----- Records for processing -----
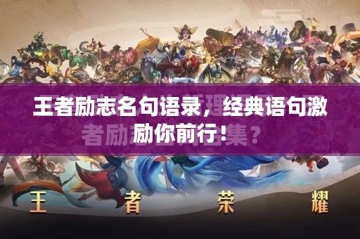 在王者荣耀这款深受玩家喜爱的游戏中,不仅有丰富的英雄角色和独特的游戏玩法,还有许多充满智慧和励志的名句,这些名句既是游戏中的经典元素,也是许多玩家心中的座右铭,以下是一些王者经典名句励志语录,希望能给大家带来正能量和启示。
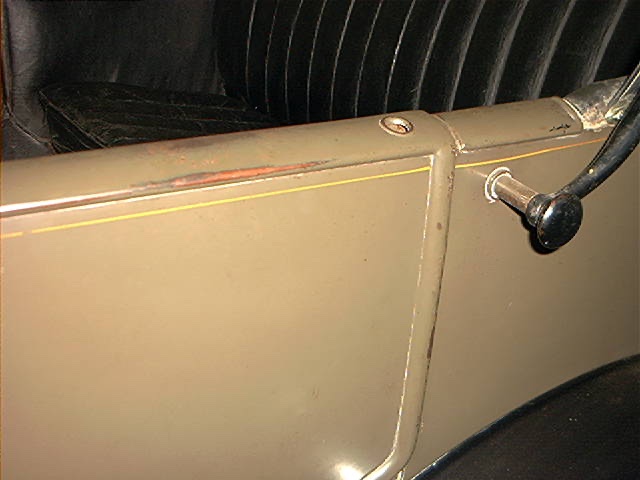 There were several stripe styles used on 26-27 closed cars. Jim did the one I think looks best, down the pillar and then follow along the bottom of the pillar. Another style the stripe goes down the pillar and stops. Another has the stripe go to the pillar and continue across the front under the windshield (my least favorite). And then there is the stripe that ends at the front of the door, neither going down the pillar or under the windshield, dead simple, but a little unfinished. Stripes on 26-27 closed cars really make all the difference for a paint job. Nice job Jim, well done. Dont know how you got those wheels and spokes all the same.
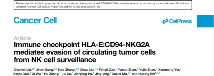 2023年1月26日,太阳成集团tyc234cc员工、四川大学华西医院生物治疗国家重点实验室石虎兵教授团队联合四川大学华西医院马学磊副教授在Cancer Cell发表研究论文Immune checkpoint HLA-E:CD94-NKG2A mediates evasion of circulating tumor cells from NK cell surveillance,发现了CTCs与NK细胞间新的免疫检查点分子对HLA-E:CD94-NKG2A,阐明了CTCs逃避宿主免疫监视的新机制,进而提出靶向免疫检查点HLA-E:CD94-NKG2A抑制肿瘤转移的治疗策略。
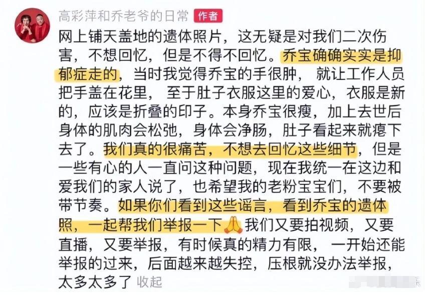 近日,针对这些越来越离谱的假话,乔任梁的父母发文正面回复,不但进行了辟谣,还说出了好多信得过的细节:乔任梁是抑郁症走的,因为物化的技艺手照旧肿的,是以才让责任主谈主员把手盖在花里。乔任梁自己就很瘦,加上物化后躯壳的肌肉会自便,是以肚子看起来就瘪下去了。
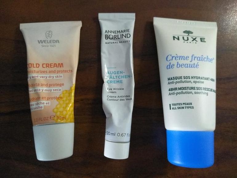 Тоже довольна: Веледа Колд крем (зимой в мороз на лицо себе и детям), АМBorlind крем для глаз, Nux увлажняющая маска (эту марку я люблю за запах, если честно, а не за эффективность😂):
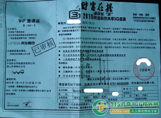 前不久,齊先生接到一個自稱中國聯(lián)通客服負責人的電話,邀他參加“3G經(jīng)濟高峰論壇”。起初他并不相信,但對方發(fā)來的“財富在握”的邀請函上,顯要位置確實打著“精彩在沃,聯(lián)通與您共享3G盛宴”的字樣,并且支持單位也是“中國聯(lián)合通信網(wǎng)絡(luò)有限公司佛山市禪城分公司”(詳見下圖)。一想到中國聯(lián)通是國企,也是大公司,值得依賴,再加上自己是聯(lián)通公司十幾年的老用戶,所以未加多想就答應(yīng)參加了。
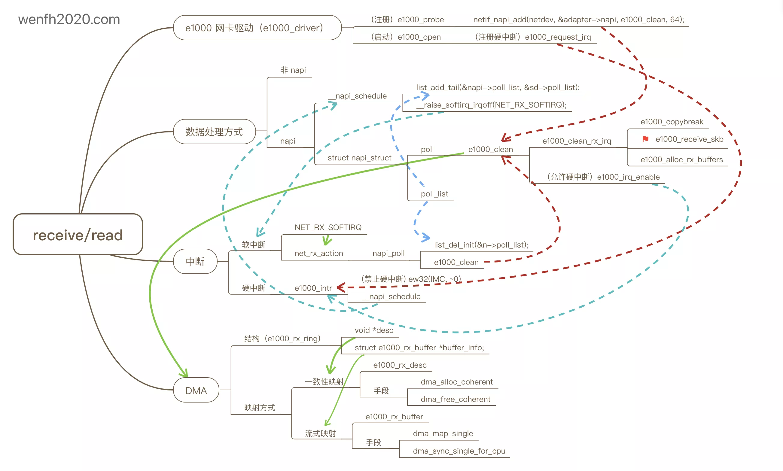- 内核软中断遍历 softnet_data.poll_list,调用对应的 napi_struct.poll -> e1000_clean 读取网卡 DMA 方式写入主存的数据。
-----
- Exercise aim -
Drop the pictures, then write out everything else in the records exactly.

- Final answer -
 在王者荣耀这款深受玩家喜爱的游戏中,不仅有丰富的英雄角色和独特的游戏玩法,还有许多充满智慧和励志的名句,这些名句既是游戏中的经典元素,也是许多玩家心中的座右铭,以下是一些王者经典名句励志语录,希望能给大家带来正能量和启示。
 There were several stripe styles used on 26-27 closed cars. Jim did the one I think looks best, down the pillar and then follow along the bottom of the pillar. Another style the stripe goes down the pillar and stops. Another has the stripe go to the pillar and continue across the front under the windshield (my least favorite). And then there is the stripe that ends at the front of the door, neither going down the pillar or under the windshield, dead simple, but a little unfinished. Stripes on 26-27 closed cars really make all the difference for a paint job. Nice job Jim, well done. Dont know how you got those wheels and spokes all the same.
 2023年1月26日,太阳成集团tyc234cc员工、四川大学华西医院生物治疗国家重点实验室石虎兵教授团队联合四川大学华西医院马学磊副教授在Cancer Cell发表研究论文Immune checkpoint HLA-E:CD94-NKG2A mediates evasion of circulating tumor cells from NK cell surveillance,发现了CTCs与NK细胞间新的免疫检查点分子对HLA-E:CD94-NKG2A,阐明了CTCs逃避宿主免疫监视的新机制,进而提出靶向免疫检查点HLA-E:CD94-NKG2A抑制肿瘤转移的治疗策略。
 近日,针对这些越来越离谱的假话,乔任梁的父母发文正面回复,不但进行了辟谣,还说出了好多信得过的细节:乔任梁是抑郁症走的,因为物化的技艺手照旧肿的,是以才让责任主谈主员把手盖在花里。乔任梁自己就很瘦,加上物化后躯壳的肌肉会自便,是以肚子看起来就瘪下去了。
 Тоже довольна: Веледа Колд крем (зимой в мороз на лицо себе и детям), АМBorlind крем для глаз, Nux увлажняющая маска (эту марку я люблю за запах, если честно, а не за эффективность😂):
 前不久,齊先生接到一個自稱中國聯(lián)通客服負責人的電話,邀他參加“3G經(jīng)濟高峰論壇”。起初他并不相信,但對方發(fā)來的“財富在握”的邀請函上,顯要位置確實打著“精彩在沃,聯(lián)通與您共享3G盛宴”的字樣,并且支持單位也是“中國聯(lián)合通信網(wǎng)絡(luò)有限公司佛山市禪城分公司”(詳見下圖)。一想到中國聯(lián)通是國企,也是大公司,值得依賴,再加上自己是聯(lián)通公司十幾年的老用戶,所以未加多想就答應(yīng)參加了。
- 内核软中断遍历 softnet_data.poll_list,调用对应的 napi_struct.poll -> e1000_clean 读取网卡 DMA 方式写入主存的数据。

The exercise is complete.